EXTRACTED ENTRIES
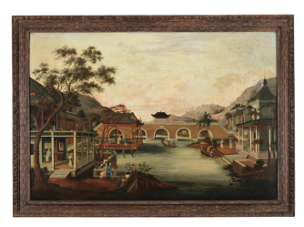 18世纪 荔湾风景图布面广东油画 127cm×90cm(连框);110cm×65cm(画心)
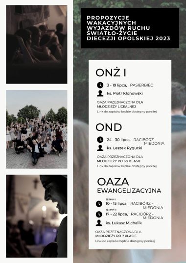 • Oaza Ewangelizacyjna (dla młodzieży od 8 klasy szkoły podstawowej), termin: 10-15 lipca 2023 r., prowadzący: ks. Łukasz Michalik;
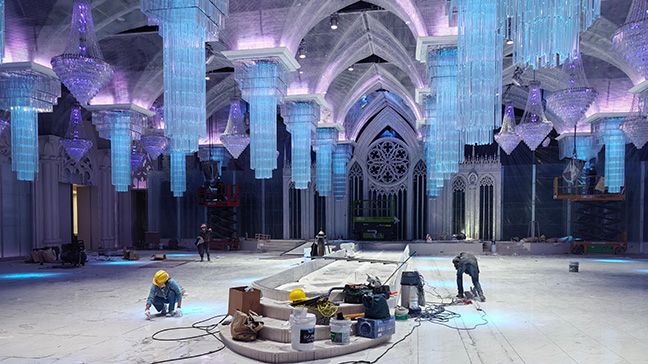 国展宴会中心项目建设进入冲刺阶段,300余名施工人员全力推进室内精装工程,项目团队采用“工序穿插法”,建立“日巡查+专项督导”机制,在确保施工安全与品质的前提下推动项目建设全面提速,向着5月璀璨亮相的目标稳步迈进,力求打造成为我市一流的婚宴殿堂。
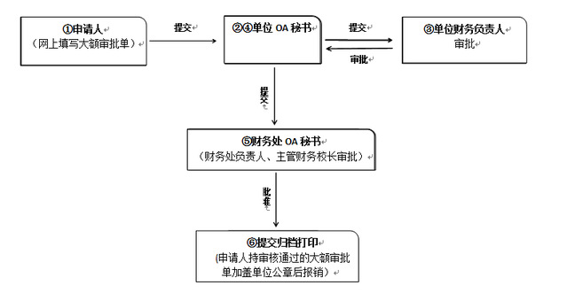 ⑤财务处OA秘书将大额审批单依次提交财务处负责人、主管财务校长审批。
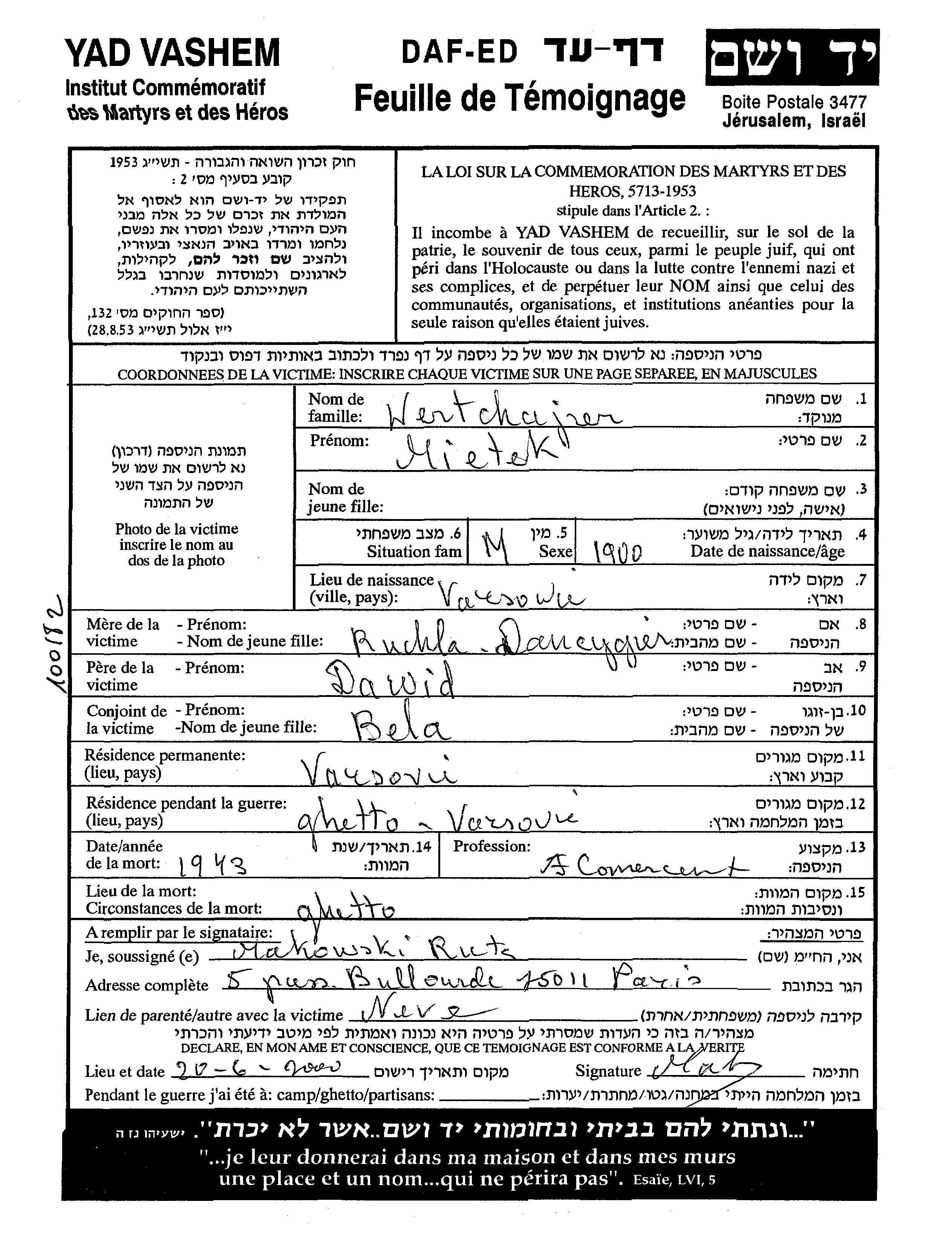 Mielek Werthajzer wurde im Jahr 1900 in Varsovie, Polen geboren. Er war der Sohn von Dawid und Ruchla. Er war Kaufmann/-frau. Vor dem Zweiten Weltkrieg lebte er in Varsovie, Polen. Während des Krieges war er in Varsovie, Polen.

WORK TASK
Write out again, exactly, the lines from the start of the listing up to the line containing "国展宴会中心项目建设进入冲刺", with both ends and without pictures.

ANSWER BOX
 18世纪 荔湾风景图布面广东油画 127cm×90cm(连框);110cm×65cm(画心)
 • Oaza Ewangelizacyjna (dla młodzieży od 8 klasy szkoły podstawowej), termin: 10-15 lipca 2023 r., prowadzący: ks. Łukasz Michalik;
 国展宴会中心项目建设进入冲刺阶段,300余名施工人员全力推进室内精装工程,项目团队采用“工序穿插法”,建立“日巡查+专项督导”机制,在确保施工安全与品质的前提下推动项目建设全面提速,向着5月璀璨亮相的目标稳步迈进,力求打造成为我市一流的婚宴殿堂。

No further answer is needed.